Pierwsza przedszkolna wycieczka Kacperka, prawdziwym autokarem. Dziecko w pełni wyposażone w prowiant. Wielka radość i emocje tak dla dziecka jak i dla matki :-) Nie spodziewałam się, że będę tak przeżywać, tym bardziej, że wycieczka nie daleka :-o O 15.00 powinien być z powrotem :-)


Humor z przedszkola: któregoś dnia zapytałam się Kacperka koło kogo siedział na podwieczorku, a On na to: "Obok Oliwki, ale nie takiej do jedzenia" ;-)

A ja nie mam pojęcia co dziś na obiad przygotować, zero pomysłów :-( Może coś z oliwkami ;-)

P.S. Wycieczka zdecydowanie udana. Dziecko pełne wrażeń: była wizyta w muzeum, Pan opowiadał bajki, było ognisko i pieczenie kiełbasek :-) Kacper dosłownie cały pachniał dymem z ogniska, także konieczna była porządna kąpiel ;-) Na koniec dnia przed spaniem Kacper stwierdził z uśmiechem, że "Fajna była ta wycieczka":-)

22 komentarze:

  1. :), ja też zawsze przeżywam, choć wydaje mi się, że powinnam przywyknąć :)
    mama Ali i Oliwki, takiej nie do jedzenia :)

    OdpowiedzUsuń
    Odpowiedzi
    1. Wycieczkę zniósł fajnie, najważniejsze, że w znajomym sobie gronie :-)
      Pozdrawiam Cię Mamo Ali i Oliwki :-)

      Usuń
  2. Och, wycieczki przedszkolno-szkolne, mój nieustanny powód do obaw;-) Może kiedyś się uodpornimy?

    OdpowiedzUsuń
  3. Zuch!

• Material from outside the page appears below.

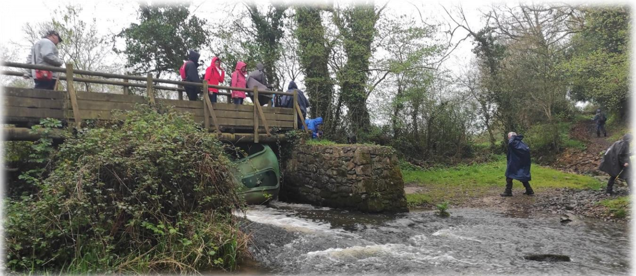
Au lieu-dit la Cuiroterie, autre passage du ruisseau Le Buisson, cette fois-ci sur une passerelle, sous laquelle un truc curieux !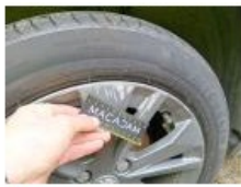
Jante alum. AVD, Griffe(s), E - Remplacer

U nas też niedawno podobne emocje więc rozumiem Mamusię doskonale! :)) Pozdrówka!!

    OdpowiedzUsuń
  4. O kurczę, pewnie nie mógł się doczekać. Prawdziwym autokarem w dodatku! 8))
    Ja bym umierała z niepokoju, doskonalę rozumiem Twoje emocje 8)

    OdpowiedzUsuń
    Odpowiedzi
    1. Tak, nie mógł się doczekać, do przedszkola biegł jak na skrzydłach :-)

      Usuń
  5. ach,te wycieczki przedszkolne i szkolne-wielka zmora mam ale wielka radosc dzieciakow:)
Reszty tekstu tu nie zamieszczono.